• The dollar has fallen sharply across the board, but in particular against the euro and the yen
• This reflects concerns about the US economy and the scaling back of Fed rate hike expectations
• The weakness in the dollar, and hence strength in the euro and yen, puts pressure on the ECB and BoJ to ease further
• Meanwhile, the BoE looks set to sit on its hands in 2016 – we shift our call for the first rate hike from 2016Q4 to 2017Q1
US economy worries lead to dollar slide
The weaker-than-expected US economic numbers earlier in the week (the Markit services PMI and ISM non-manufacturing) have caused a dramatic sell-off in the US dollar. This reflects that the data fueled concerns about the economic outlook and led markets to further scale back Fed rate hike expectations. EUR/USD broke through 1.12, while it began the week at 1.0830. At the same time, the USD/JPY dropped to lows below 117 thereby fully erasing the weakness in the yen after the BoJ decision last week.
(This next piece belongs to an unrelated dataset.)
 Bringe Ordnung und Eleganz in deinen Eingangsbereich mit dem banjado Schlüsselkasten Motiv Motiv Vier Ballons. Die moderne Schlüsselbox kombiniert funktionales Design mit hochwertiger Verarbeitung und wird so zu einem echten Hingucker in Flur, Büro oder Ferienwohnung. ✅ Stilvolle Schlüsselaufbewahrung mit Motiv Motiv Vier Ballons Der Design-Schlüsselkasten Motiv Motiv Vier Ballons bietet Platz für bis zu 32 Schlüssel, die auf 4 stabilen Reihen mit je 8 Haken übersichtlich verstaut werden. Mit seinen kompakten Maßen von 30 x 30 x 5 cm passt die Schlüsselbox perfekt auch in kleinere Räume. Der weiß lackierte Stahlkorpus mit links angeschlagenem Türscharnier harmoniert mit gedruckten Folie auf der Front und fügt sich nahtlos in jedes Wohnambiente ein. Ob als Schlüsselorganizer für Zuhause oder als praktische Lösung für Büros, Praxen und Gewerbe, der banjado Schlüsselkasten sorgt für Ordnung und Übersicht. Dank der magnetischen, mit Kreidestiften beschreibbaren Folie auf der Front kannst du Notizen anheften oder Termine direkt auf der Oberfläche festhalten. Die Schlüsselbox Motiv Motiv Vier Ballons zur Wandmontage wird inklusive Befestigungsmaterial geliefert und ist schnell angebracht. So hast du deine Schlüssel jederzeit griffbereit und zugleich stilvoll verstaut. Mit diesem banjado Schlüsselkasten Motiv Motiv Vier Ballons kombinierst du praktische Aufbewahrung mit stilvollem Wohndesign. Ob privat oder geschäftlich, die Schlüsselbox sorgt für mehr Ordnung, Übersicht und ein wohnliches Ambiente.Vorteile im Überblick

Dollar weakness to pressure other central banks
The ball is now back in the court of the ECB and the BoJ. The resulting stronger euro and yen will tighten financial conditions and dampen growth and inflation in these economies. With inflation already uncomfortably low in both economies, we would expect the central banks to react to offset the headwinds from a stronger currency. We expect the ECB cut its deposit rate in two steps (March and June) to -0.5% and to increase its asset purchase program by 10bn in March. The risks are also skewed to more aggressive monetary stimulus. Meanwhile, we think the BoJ will also cut its policy rate further into negative territory in the coming months. In this way the currency tennis between the central banks is leading to easier policy globally.
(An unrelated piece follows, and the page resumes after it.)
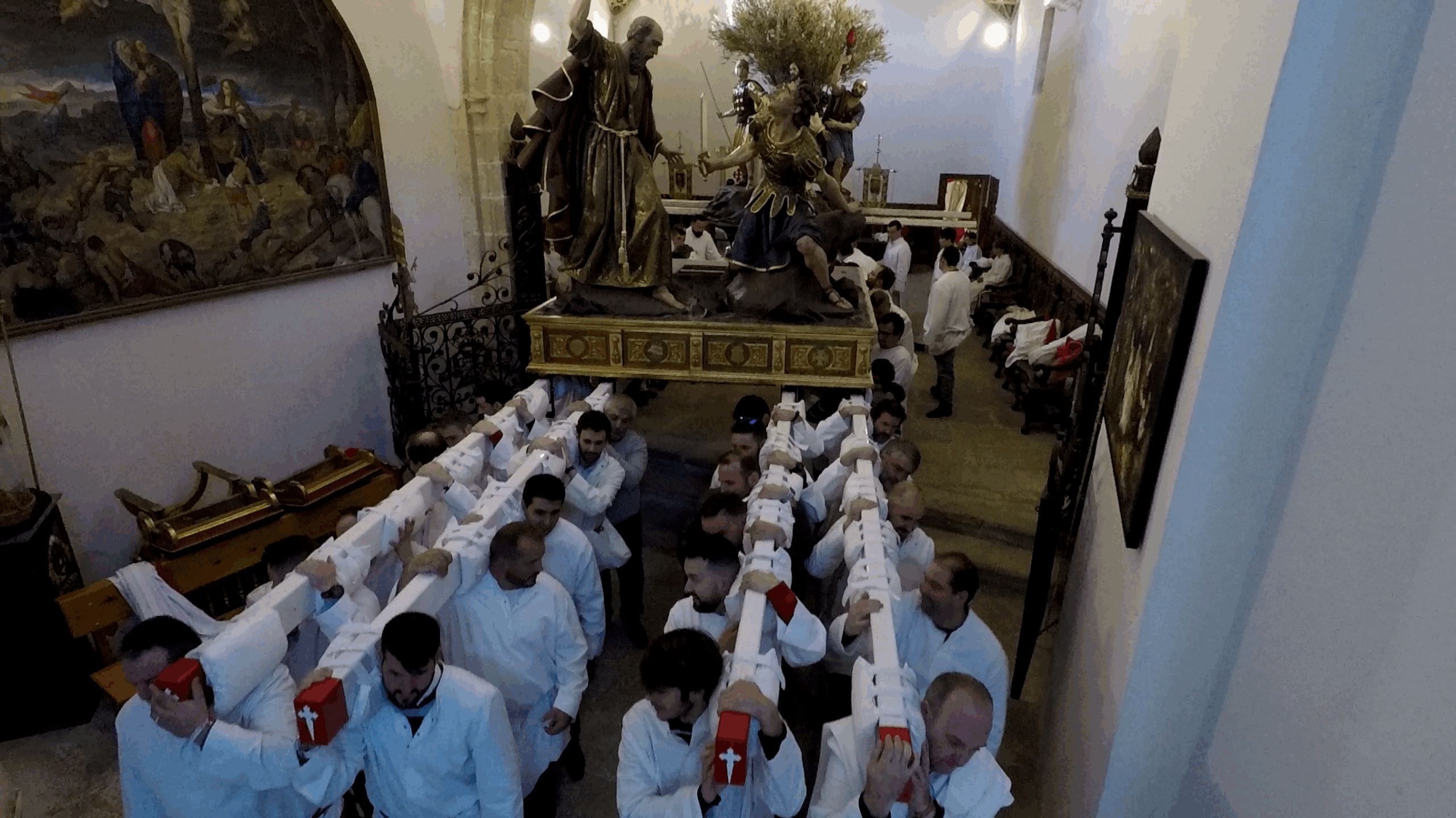 Este grupo escultórico de San Pedro Apóstol, que vemos en su capilla de la iglesia de San Pedro poco antes de su salida a la placeta, consta de 5 imágenes de tamaño natural que representa al prendimiento del Señor en Getmsemani-

Monetary policy divergence story still holds
It is likely that in the near-term, currency markets remain biased towards softer US economic data and therefore the downward pressure on the dollar will continue. Our base case is that the Fed will resume its ‘rate hike cycle’ in June, though the risks are indeed skewed towards an even longer period where the policy rate is kept on ice. However, even if this is the case, with the ECB and BoJ going potentially more aggressively in the other direction, the monetary policy divergence story remains in place. We therefore expect the EUR/USD to fall back again in the medium term. An improvement in investor sentiment is a pre-requisite though.
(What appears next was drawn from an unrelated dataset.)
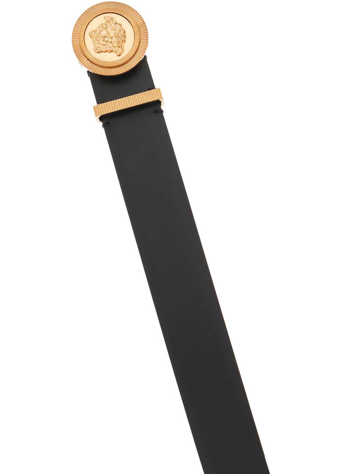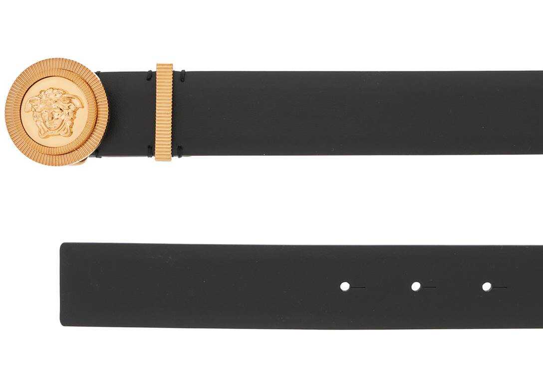 Versace leather belt with gold-tone metal Medusa Biggie buckle and a matching loop. Adjustable pin closure. The item in photo is size 100.

Change of BoE view: no hikes until 2017
Following the BoE’s communication on Thursday, we now expect that there will be no UK rate hikes in 2016. We have changed our forecast for the first rate hike to February 2017 from November 2016 previously. We assume there will be four 25bp hikes in all next year. This forecast change has been increasingly on the cards over recent weeks given the worsening growth and inflation outlook. The MPC confirmed this deterioration in its Inflation Report, where it cut its projections. Its new lower projections imply that the BoE will likely not need to move until next year. This would give the economy more support and allow inflation to move back up to target over the next two years. The unanimous vote to keep rates on hold on Thursday – with the MPC member who previously voted for a hike dropping his call – is also a signal that rates will be on hold for longer.